* **What the task asks**:
If a line below contains the string "with", return that line.

* **Records provided**:
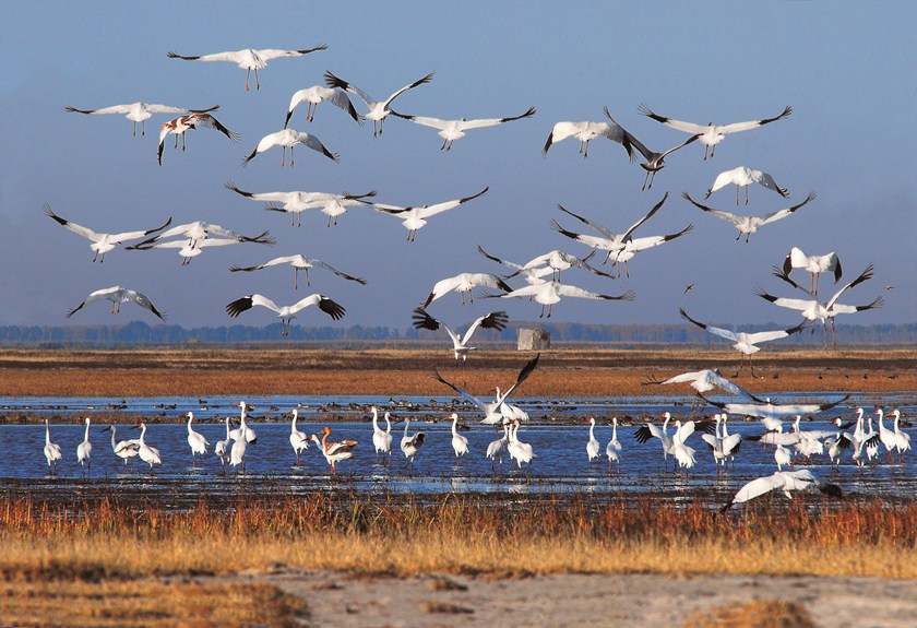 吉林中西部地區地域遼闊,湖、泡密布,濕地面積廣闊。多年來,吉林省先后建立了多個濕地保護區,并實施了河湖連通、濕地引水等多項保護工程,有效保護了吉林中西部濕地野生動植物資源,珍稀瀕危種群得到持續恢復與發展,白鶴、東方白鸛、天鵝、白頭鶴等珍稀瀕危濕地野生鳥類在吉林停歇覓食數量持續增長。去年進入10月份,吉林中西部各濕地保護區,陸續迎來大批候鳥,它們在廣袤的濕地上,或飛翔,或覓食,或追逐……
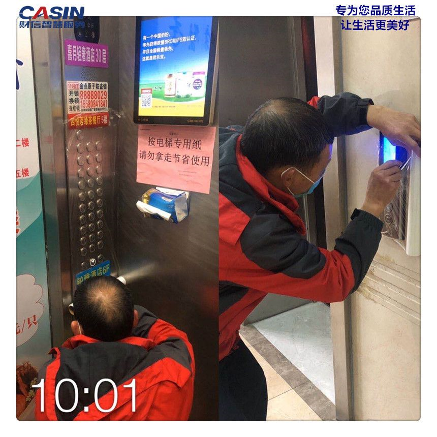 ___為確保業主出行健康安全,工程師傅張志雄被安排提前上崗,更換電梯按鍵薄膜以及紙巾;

---

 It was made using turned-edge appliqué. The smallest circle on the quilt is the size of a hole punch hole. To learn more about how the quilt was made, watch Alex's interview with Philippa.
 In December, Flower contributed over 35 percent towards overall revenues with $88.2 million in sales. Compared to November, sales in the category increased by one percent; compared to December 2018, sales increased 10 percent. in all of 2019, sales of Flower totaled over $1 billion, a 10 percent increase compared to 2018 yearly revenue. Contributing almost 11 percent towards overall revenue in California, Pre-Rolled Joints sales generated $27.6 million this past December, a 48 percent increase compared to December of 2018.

...

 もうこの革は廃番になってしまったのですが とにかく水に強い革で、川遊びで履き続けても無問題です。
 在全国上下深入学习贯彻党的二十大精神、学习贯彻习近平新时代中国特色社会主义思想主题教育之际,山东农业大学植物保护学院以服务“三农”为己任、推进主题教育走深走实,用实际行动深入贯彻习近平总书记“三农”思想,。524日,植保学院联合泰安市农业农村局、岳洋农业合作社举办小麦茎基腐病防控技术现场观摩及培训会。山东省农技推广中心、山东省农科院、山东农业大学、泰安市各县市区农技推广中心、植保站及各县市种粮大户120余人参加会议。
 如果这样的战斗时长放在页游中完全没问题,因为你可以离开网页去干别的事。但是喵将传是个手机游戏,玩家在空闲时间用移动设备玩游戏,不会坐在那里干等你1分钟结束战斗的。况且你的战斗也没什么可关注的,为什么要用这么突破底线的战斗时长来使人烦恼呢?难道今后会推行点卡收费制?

* **Response to this task**:
 It was made using turned-edge appliqué. The smallest circle on the quilt is the size of a hole punch hole. To learn more about how the quilt was made, watch Alex's interview with Philippa.
 In December, Flower contributed over 35 percent towards overall revenues with $88.2 million in sales. Compared to November, sales in the category increased by one percent; compared to December 2018, sales increased 10 percent. in all of 2019, sales of Flower totaled over $1 billion, a 10 percent increase compared to 2018 yearly revenue. Contributing almost 11 percent towards overall revenue in California, Pre-Rolled Joints sales generated $27.6 million this past December, a 48 percent increase compared to December of 2018.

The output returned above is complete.